With a party-line 27-11 vote, California legislators passed Senate Bill 54 to protect undocumented immigrants in the state. With its passage, legislators send the final version of the proposed law–the California Values Act– to Democrat Gov. Jerry Brown for his expected signature and move closer to a statewide sanctuary.
The legislation, which has been described as a measure giving California statewide sanctuary status, is a “drastically scaled back” version of the bill that was first introduced, “the result of tough negotiation between Brown and (bill sponsor California president pro Tem and Democrat from Los Angeles Kevin) De Leon in the final weeks of the legislative session,” according to The Los Angeles Times.
While the bill’s intent is to provide state protections from federal law enforcement for immigrants, amendments watering down the bill include continued approval for federal immigration officials to continue working with state corrections officials and continuing to enter county jails to question immigrants.
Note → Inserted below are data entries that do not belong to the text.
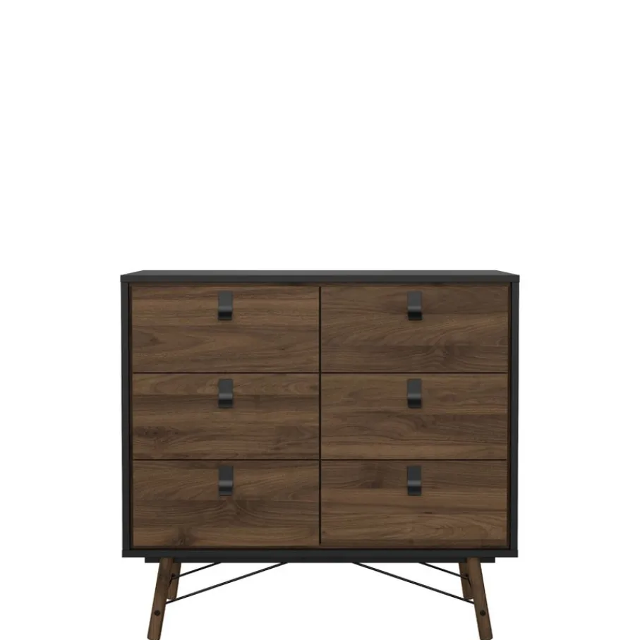 De Denver dubbele ladekast heeft zes lades met ruime opbergmogelijkheid en is ideaal voor kleine ruimtes. Met stalen kogellagers schuiven de lades moeiteloos open en dicht. De metalen handgrepen op de lades zorgen voor een speels accent.
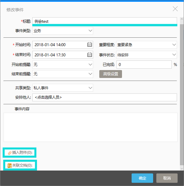 點(diǎn)擊新建創(chuàng)建日程事件。 輸入事件相關(guān)信息,如:事件標(biāo)題、起止時間、狀態(tài)、重要程度等;勾選提醒,系統(tǒng)會在事件開始時通知提醒;點(diǎn)擊【高級設(shè)置】按鈕出現(xiàn)高級設(shè)置頁面,可以設(shè)置事件的完成率等信息。
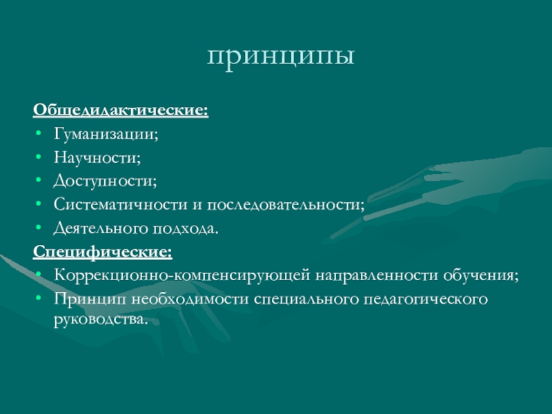 принципыОбщедидактические:Гуманизации;Научности;Доступности;Систематичности и последовательности;Деятельного подхода.Специфические:Коррекционно-компенсирующей направленности обучения;Принцип необходимости специального педагогического руководства.
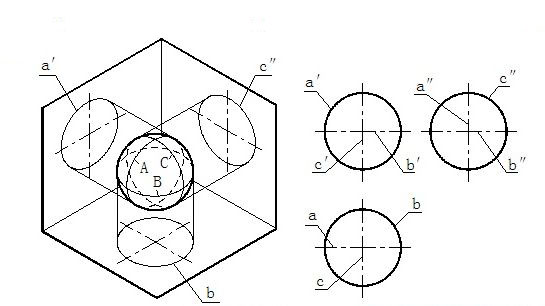 如图3-8(b)所示为圆球的立体图、如图3-8(c)所示为圆球的投影。圆球在三个投影面上的投影都是直径相等的圆,但这三个圆分别表示三个不同方向的圆球面轮廓素线的投影。正面投影的圆是平行于V面的圆素线A(它是前面可见半球与后面不可见半球的分界线)的投影。与此类似,侧面投影的圆是平行于W面的圆素线C的投影;水平投影的圆是平行于H面的圆素线B的投影。这三条圆素线的其他两面投影,都与相应圆的中心线重合,不应画出。
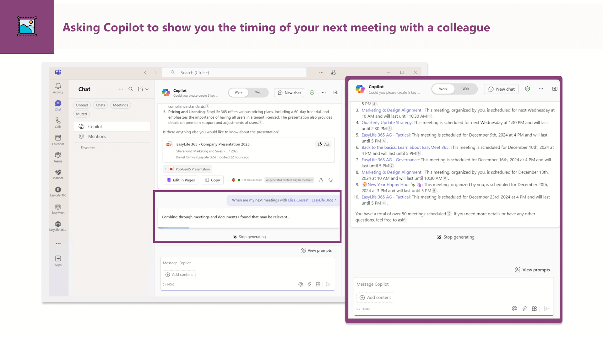 This will give you answers based on your real data. You can also make more articulated questions. For example, I like to ask Copilot to suggest what I should be focusing on the next week based on my meetings, my deadlines, and requests that came through Microsoft Teams chat or Outlook:
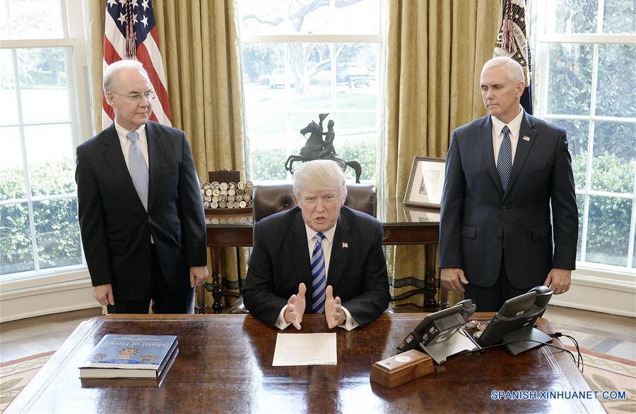 WASHINGTON D.C., marzo 24, 2017 (Xinhua) -- El presidente estadounidense, Donald Trump (c), participa junto al vicepresidente estadounidense, Mike Pence (d), y el secretario de Salud y Servicios Humanos, Tom Price (i), durante una conferencia de prensa en la Oficina Oval de la Casa Blanca en Washington D.C., Estados Unidos de América, el 24 de marzo de 2017. Una iniciativa de salud patrocinada por el Partido Republicano fue retirada del pleno de la Cámara de Representantes antes de una votación prevista para el viernes a petición del presidente de Estados Unidos de América, Donald Trump. La decisión se tomó porque no se aseguraron suficientes votos para la aprobación del plan de salud, informaron el vienes medios estadounidenses. (Xinhua/Olivier Douliery/CNP/ZUMAPRESS)
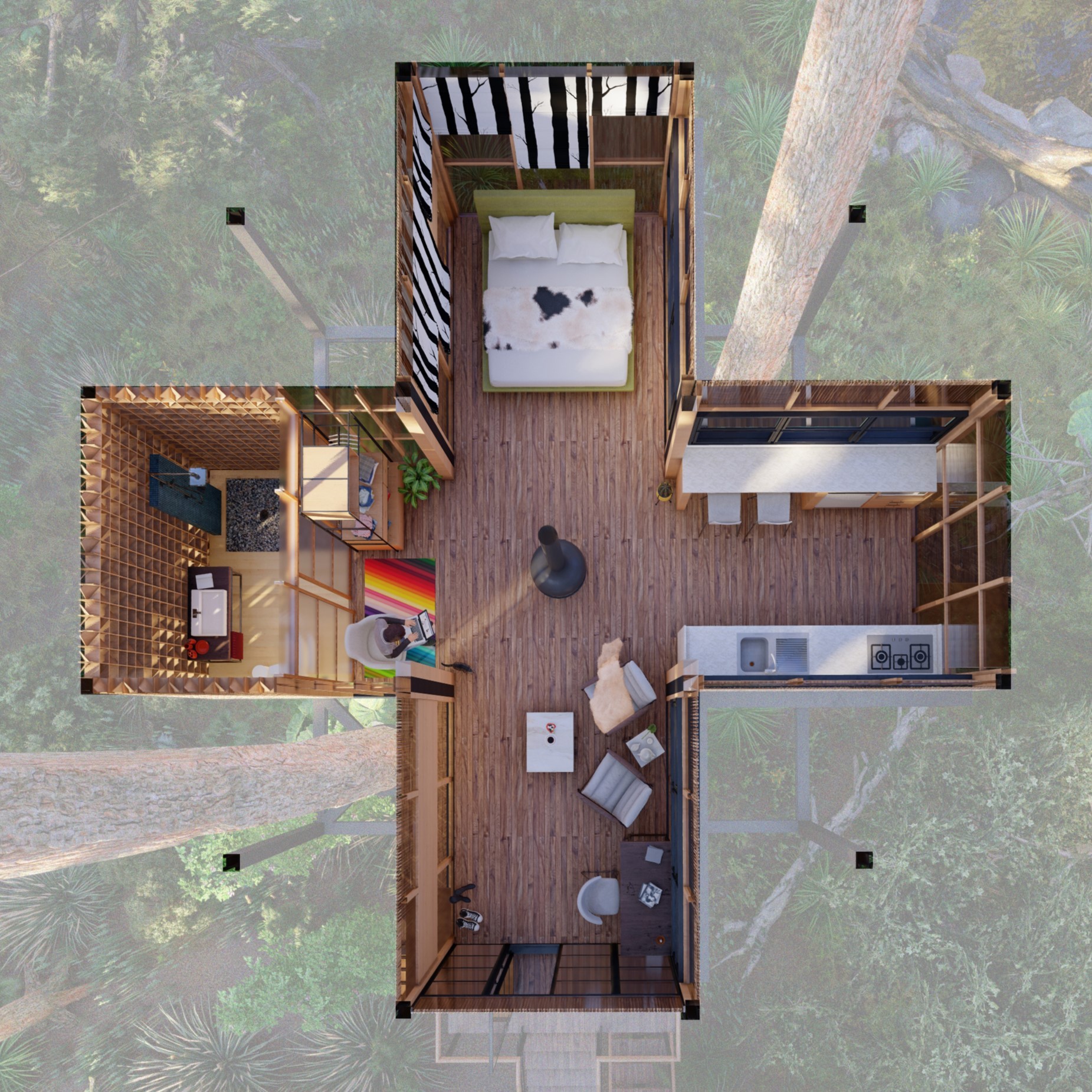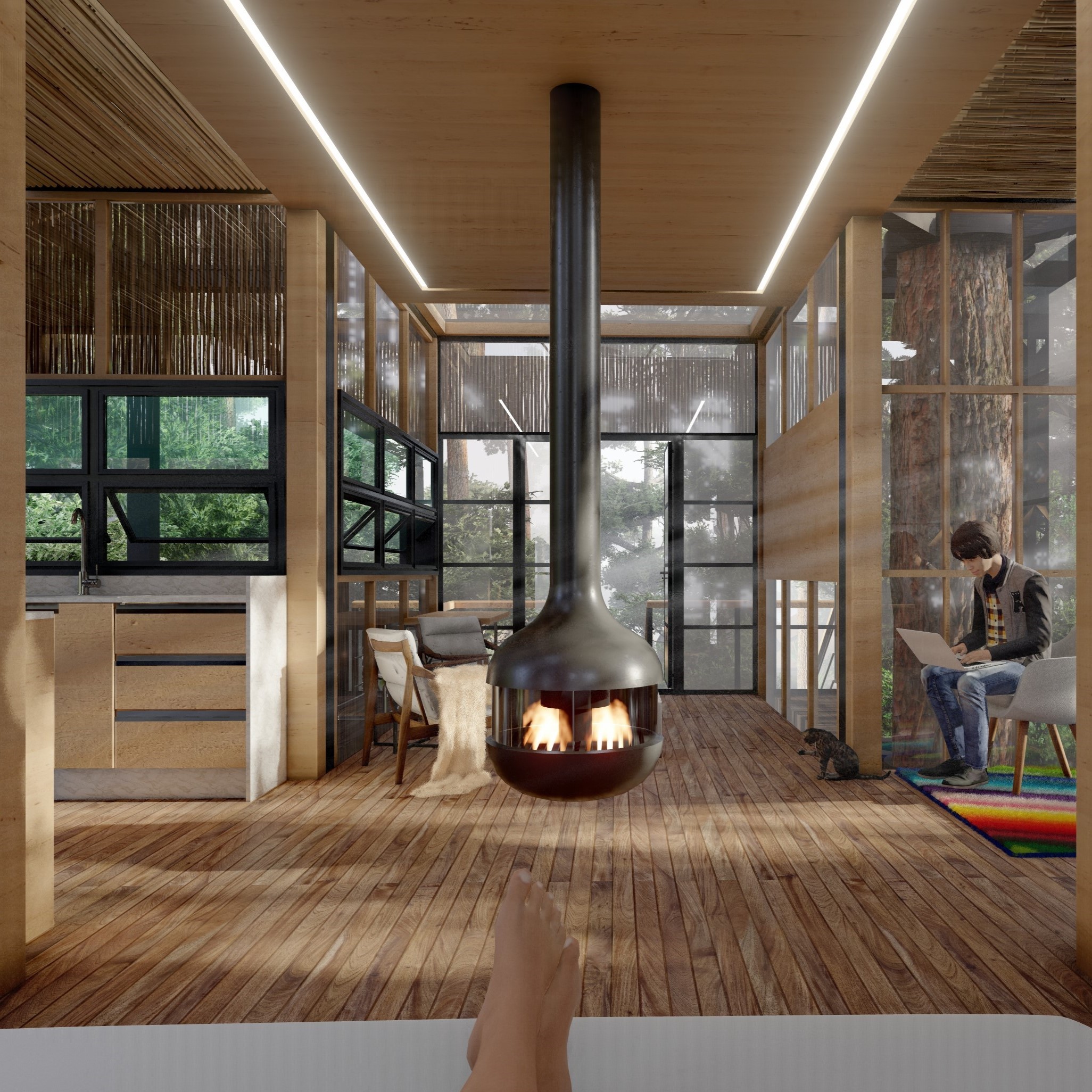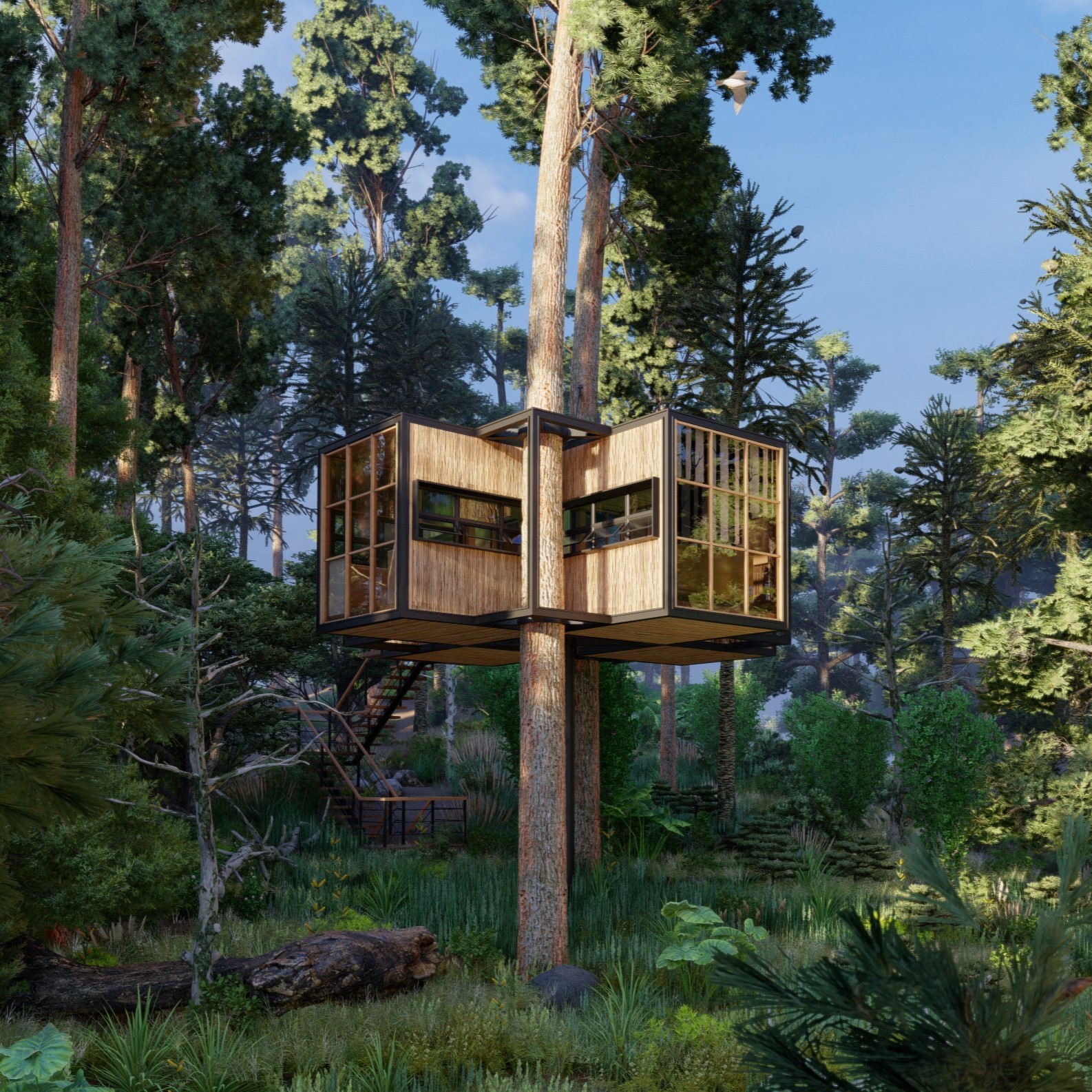 "Somewhere in the Woods" is a prefabricated tree house designed for the purpose of AirBnb. The challenge was to create a functional, scalable, and sustainable living space that harmoniously blends with the natural surroundings. Inspired by the beauty of the forest, the project focused on maximising the 360-degree view of the surrounding landscape. The design concept centres around the idea of appreciating the wild forest environment and creating an inside-out experience for the occupants. The tree house is built with a minimalistic and eco-friendly approach, utilizing locally sourced materials and tree bark measurements to ensure a seamless integration with the surrounding trees. Prefabricated units are designed while considering the scalability with minimum ground cover. Isn’t it a perfect getaway somewhere in the woods?
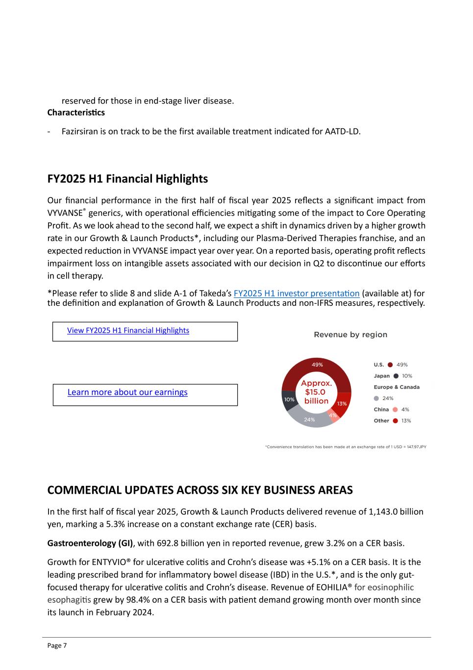 第7页为终末期肝病患者保留。特性-Fazirsiran有望成为首个适用于AATD-LD的可用治疗方法。FY2025H1财务亮点我们在2025财年上半年的财务表现反映了VYVANSE的重大影响®仿制药,运营效率减轻了对核心运营利润的部分影响。当我们展望下半年时,我们预计在我们的增长和推出产品的更高增长率的推动下,动态将发生转变*,包括我们的血浆衍生疗法特许经营权,以及预期的VYVANSE影响逐年减少。据报告,营业利润反映了与我们在第二季度决定停止细胞治疗努力相关的无形资产减值损失。*有关增长与发射产品和非国际财务报告准则措施的定义和解释,请分别参阅武田FY2025H1投资者介绍(可查阅)的幻灯片8和幻灯片A-1。商业更新跨越六个关键业务领域在2025财年上半年,Growth & Launch Products实现了11,430亿日元的收入,按固定汇率(CER)计算,增长了5.3%。Gastroenterology(GI)报告的收入为6928亿日元,按CER计算增长3.2%。ENTYVIO的增长®溃疡性结肠炎和克罗恩病的CER为+ 5.1%。是美国领先的炎症性肠病(IBD)处方品牌。*,并且是唯一针对溃疡性结肠炎和克罗恩病的以肠道为重点的疗法。EOHILIA收入®自2024年2月推出以来,随着患者需求逐月增长,嗜酸性食管炎的CER基础上增长了98.4%。查看FY2025 H1财务亮点了解有关我们收益的更多信息
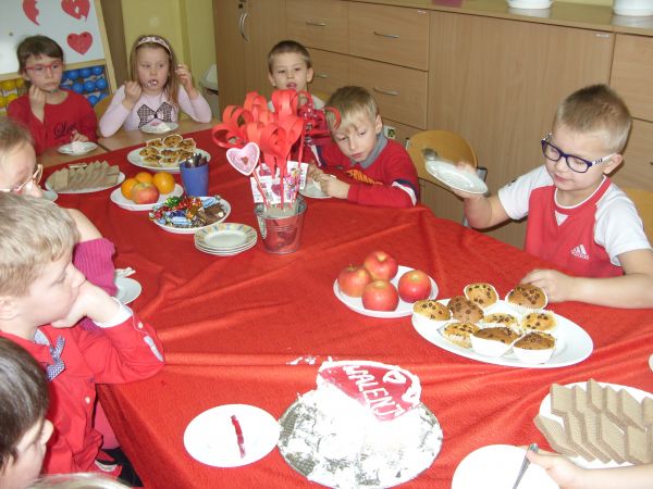 Walentynkowe zabawy zakończona słodkim poczęstunkiem.
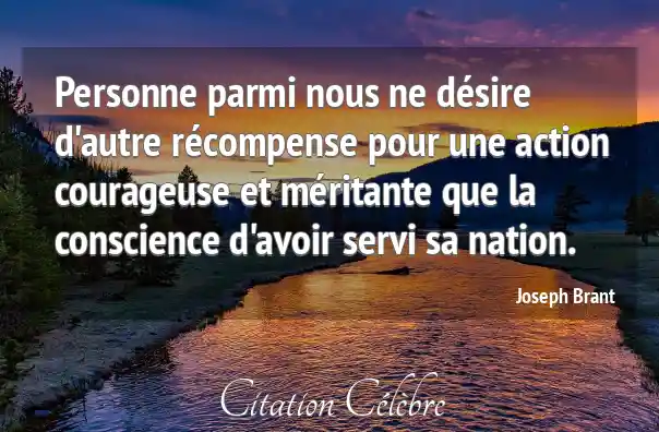 Personne parmi nous ne désire d'autre récompense pour une action courageuse et méritante que la conscience d'avoir servi sa nation.
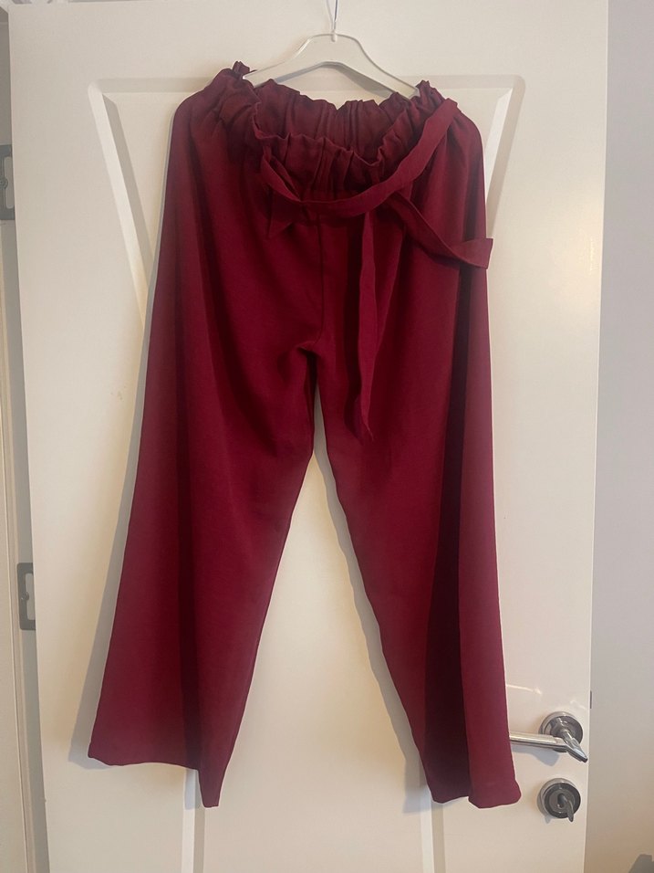Bordo renk, rahat kesim ve drapeli detaylara sahip uzun ayrobin kumaş pantolon, yumuşak sentetik kumaştan üretilmiştir,günlük ve rahat stil için uygundur.Marka temsili.
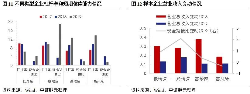 從高風險企業短期償債壓力看,平均杠桿率逐年上升,2019年現金短債比呈現下降趨勢,即本文對高風險企業的定義。與其他類型企業相比,高增速企業的杠桿率增長明顯,且在2019年明顯較高,而現金短債比下降至最低。高杠桿擴張策略并未帶來收入的快速增長,使得現金短債比出現下降,是高風險企業比較明顯的特征之一。從圖10可以看出,高增速企業中2018年收入增幅依然較高,但主要是“高杠桿,高盈利”企業的貢獻,“高杠桿,低盈利”企業的收入增速最低,且2019年現金短債比出現下降。
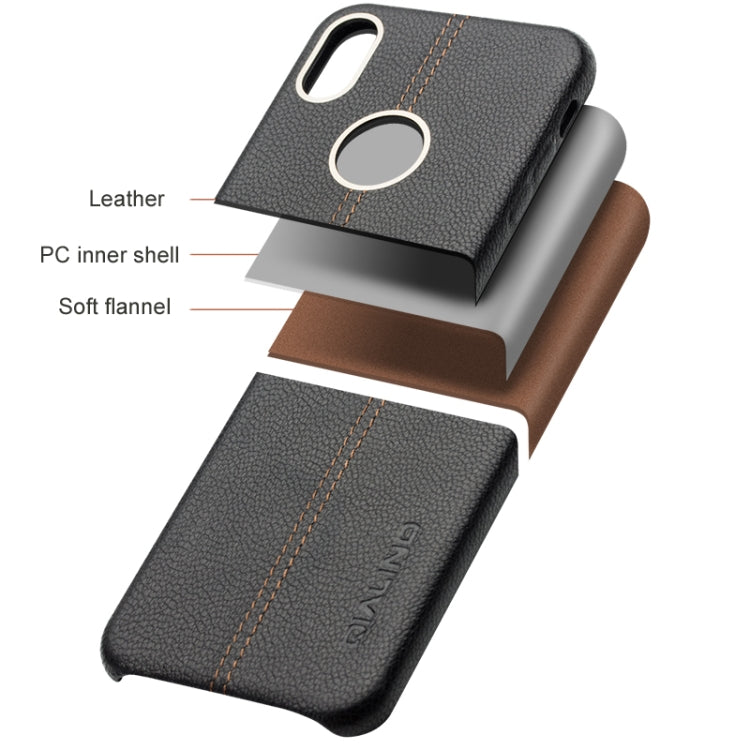 For iPhone X / XS QIALINO Deerskin Texture Cowhide Leather Protective Case(Brown)
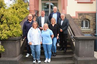 Die neue Gemeindeschwesterplus Bärbel Hellinghausen (vorne links) und ihre Kollegin Andrea Keßler (vorne rechts) wurden von den Bürgermeistern Andreas Hundhausen (links), Joachim Brenner (2. von links) und Helmut Stühn (rechts) im Beisein der Projektverantwortlichen Michaela Sandweg und Michael Becher am Betzdorfer Rathaus begrüßt.
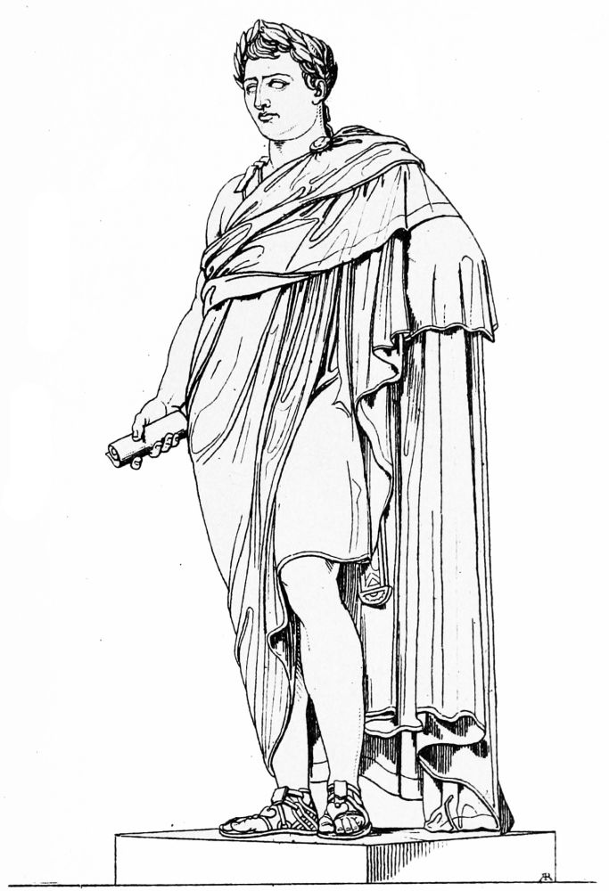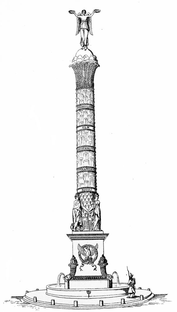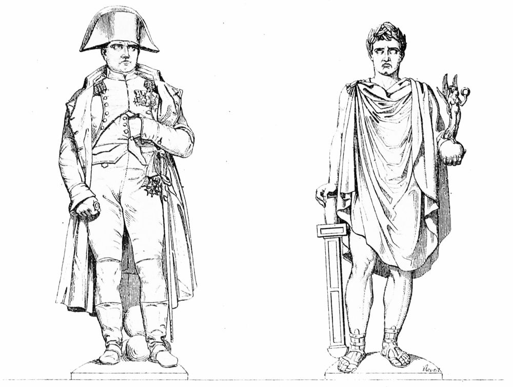 Napoleon was anxious to place his name on the list of those Emperors of old, whose names are rendered immortal, not so much by their own heroic or noble deeds as by the flattering notices of them in the deathless writings of poets and historians. On the occasion of his statue being first required for the Column which now stands in the Place Vendome, he directed that it should be attired as a senator of ancient Rome, and Chaudet produced the statue, of which the accompanying engraving is a faithful representation. It has since been replaced by one in military uniform.{349}{348}

Police and sheriff’s deputies can also share information about convicted immigrants and transfer them to federal authorities. This aspect applies to those immigrants who’ve been convicted of one or more crimes listed in the California Trust Act, which includes a list of 800 offenses.
While immigrant advocacy groups maintain their support of the bill’s passage, the groups “previously disappointed with the list of offenses under the Trust Act, were dismayed to see the same exceptions applied in the so-called sanctuary state bill.” A primary issue includes “wobbler” offenses, which can carry either a misdemeanor or a felony charge, which has the “potential to ensnare people who do not pose a danger to the public.”
Among those concessions won by immigrant advocacy groups is the requirement that the California Department of Corrections and Rehabilitation develop new protection standards for those people held on immigration violations. Immigrant inmates are to also receive served-sentence credit with rehabilitation and education programs undertaken while incarcerated.
Among those who opposed SB 54 is Assemblyman Steven Choi. Choi, a Republican representing constituents in Irvine, is a first-generation South Korean immigrant. He argued the bill creates “chaos” and runs contrary to the nation’s law-and-order foundation.
Earlier this year, former U.S. Attorney General Eric Holder reviewed the bill, which he assessed as passing Constitutional muster. States, he said, have the “power over the health and safety of their residents and allocation of state resources.”